I'm trying to combine a few "networks" into one final loss function. I'm wondering if what I'm doing is "legal", as of now I can't seem to make this work. I'm using tensorflow probability :
The main problem is here:
# Get gradients of the loss wrt the weights.
gradients = tape.gradient(loss, [m_phis.trainable_weights, m_mus.trainable_weights, m_sigmas.trainable_weights])
# Update the weights of our linear layer.
optimizer.apply_gradients(zip(gradients, [m_phis.trainable_weights, m_mus.trainable_weights, m_sigmas.trainable_weights])
Which gives me None gradients and throws on apply gradients:
AttributeError: 'list' object has no attribute 'device'
Full code:
univariate_gmm = tfp.distributions.MixtureSameFamily(
mixture_distribution=tfp.distributions.Categorical(probs=phis_true),
components_distribution=tfp.distributions.Normal(loc=mus_true,scale=sigmas_true)
)
x = univariate_gmm.sample(n_samples, seed=random_seed).numpy()
dataset = tf.data.Dataset.from_tensor_slices(x)
dataset = dataset.shuffle(buffer_size=1024).batch(64)
m_phis = keras.layers.Dense(2, activation=tf.nn.softmax)
m_mus = keras.layers.Dense(2)
m_sigmas = keras.layers.Dense(2, activation=tf.nn.softplus)
def neg_log_likelihood(y, phis, mus, sigmas):
a = tfp.distributions.Normal(loc=mus[0],scale=sigmas[0]).prob(y)
b = tfp.distributions.Normal(loc=mus[1],scale=sigmas[1]).prob(y)
c = np.log(phis[0]*a + phis[1]*b)
return tf.reduce_sum(-c, axis=-1)
# Instantiate a logistic loss function that expects integer targets.
loss_fn = neg_log_likelihood
# Instantiate an optimizer.
optimizer = tf.keras.optimizers.SGD(learning_rate=1e-3)
# Iterate over the batches of the dataset.

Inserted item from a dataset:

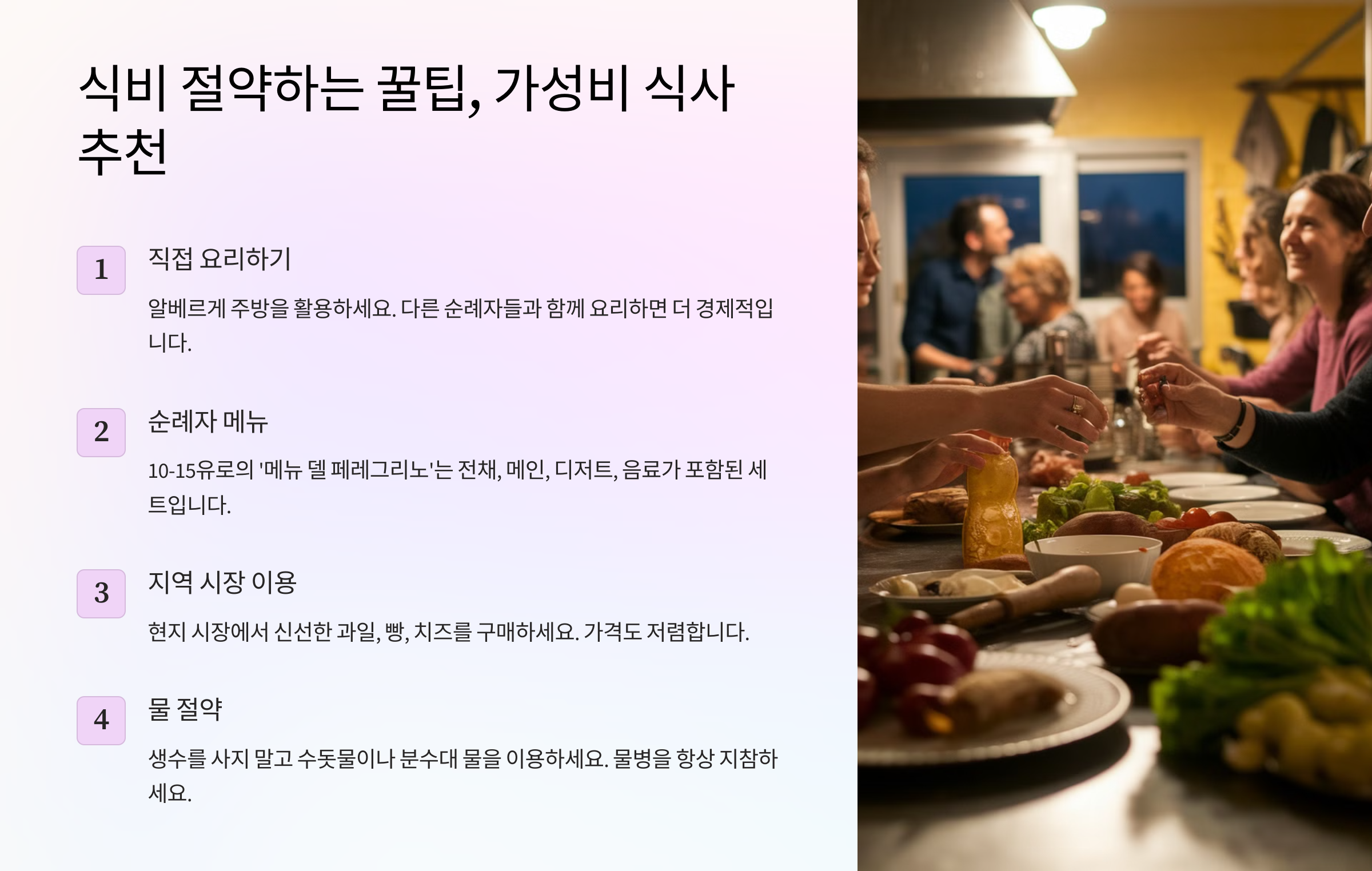 | 다른 순례자와 공유 | 공동 장보기 및 요리로 비용 절약 |
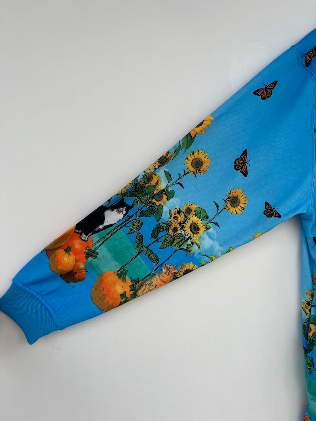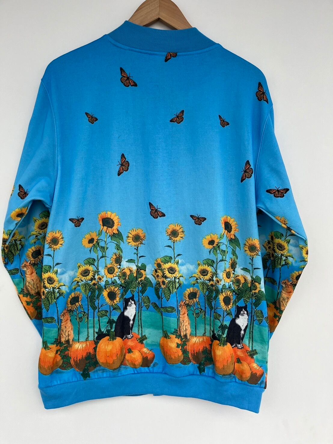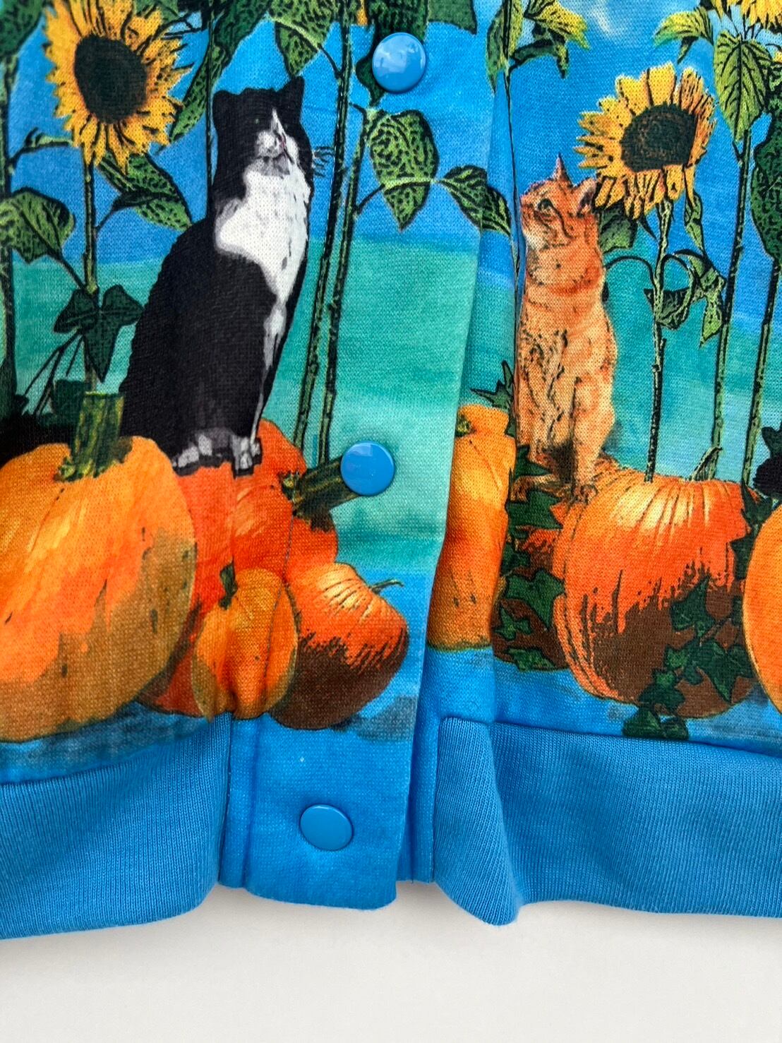 かぼちゃに猫、ひまわりと融合具合が面白い、HAPPY感のあるネコカーディガンです。

for step, y in enumerate(dataset):
yy = np.expand_dims(y, axis=1)
# Open a GradientTape.
with tf.GradientTape() as tape:
# Forward pass.
phis = m_phis(yy)
mus = m_mus(yy)
sigmas = m_sigmas(yy)
# Loss value for this batch.
loss = loss_fn(yy, phis, mus, sigmas)
# Get gradients of the loss wrt the weights.
gradients = tape.gradient(loss, [m_phis.trainable_weights, m_mus.trainable_weights, m_sigmas.trainable_weights])
# Update the weights of our linear layer.
optimizer.apply_gradients(zip(gradients, [m_phis.trainable_weights, m_mus.trainable_weights, m_sigmas.trainable_weights]))
# Logging.
if step % 100 == 0:
print("Step:", step, "Loss:", float(loss))
There are two separate problems to take into account.
1. Gradients are None:
Typically this happens, if non-tensorflow operations are executed in the code that is watched by the GradientTape. Concretely, this concerns the computation of np.log in your neg_log_likelihood functions. If you replace np.log with tf.math.log, the gradients should compute. It may be a good habit to try not to use numpy in your "internal" tensorflow components, since this avoids errors like this. For most numpy operations, there is a good tensorflow substitute.
2. apply_gradients for multiple trainables:
This mainly has to do with the input that apply_gradients expects. There you have two options:
First option: Call apply_gradients three times, each time with different trainables
optimizer.apply_gradients(zip(m_phis_gradients, m_phis.trainable_weights))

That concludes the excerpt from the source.